— WHAT YOU WILL DO —
From top to bottom, retype the data exactly, passing over any picture.

— DATASET EXCERPT —
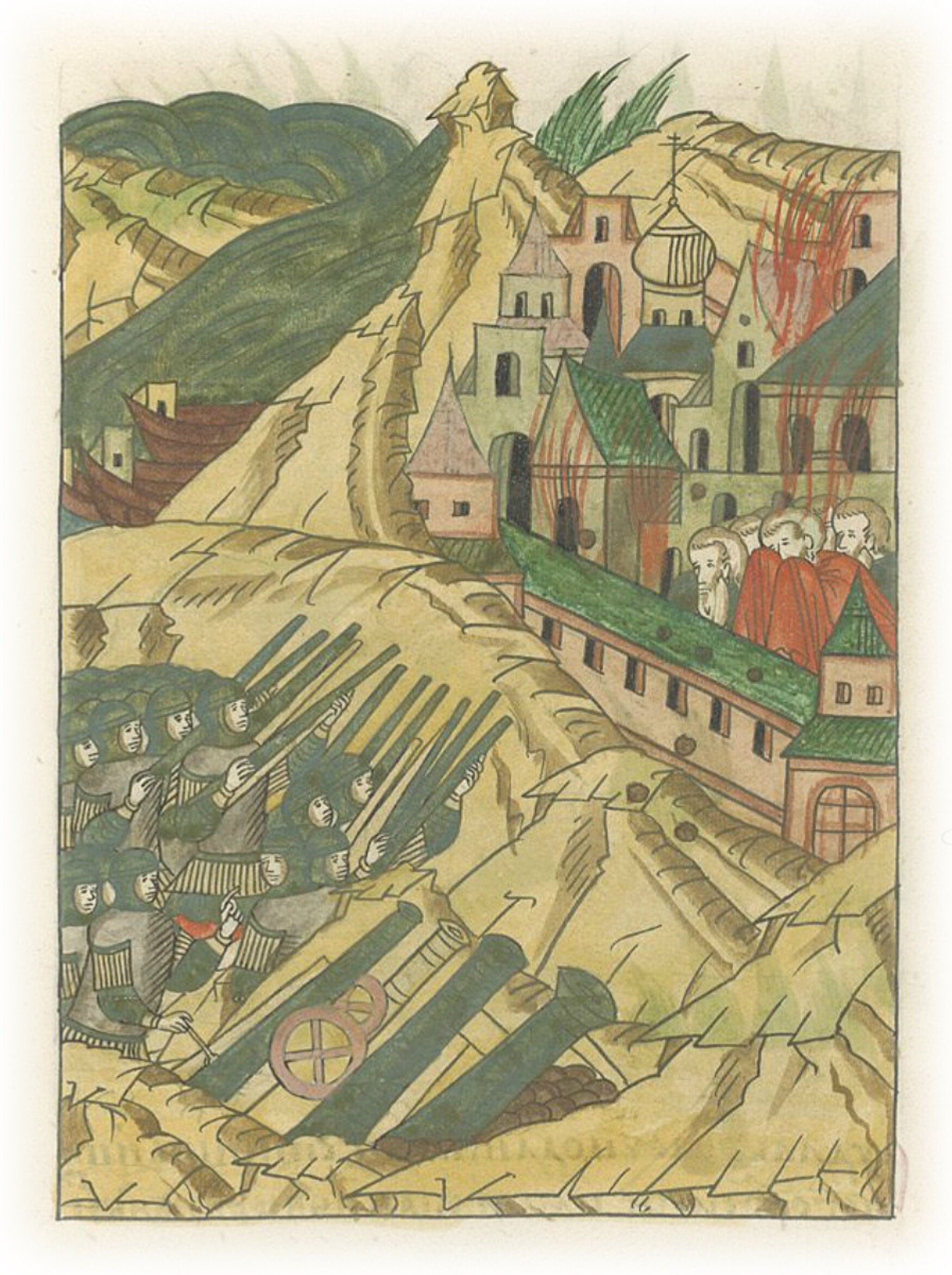 и начали приступать к городу с пушками и пищалями, и дворы в городе зажгли, огнем стреляя, так как не было им противника.
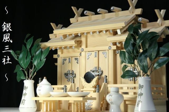 三社■屋根違い■■銀風三社■■神棚セット 最高級 神具セット付
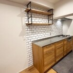 モザイク柄のタイルに、用途によって使い分けられる2種類の棚が設置されていました。壁面にガスコンロ・シンク・食洗器が付いた一般的な1型の設置タイプでした。ガスコンロの上にも棚が設置されていました。

— OUTPUT —
 и начали приступать к городу с пушками и пищалями, и дворы в городе зажгли, огнем стреляя, так как не было им противника.
 三社■屋根違い■■銀風三社■■神棚セット 最高級 神具セット付
 モザイク柄のタイルに、用途によって使い分けられる2種類の棚が設置されていました。壁面にガスコンロ・シンク・食洗器が付いた一般的な1型の設置タイプでした。ガスコンロの上にも棚が設置されていました。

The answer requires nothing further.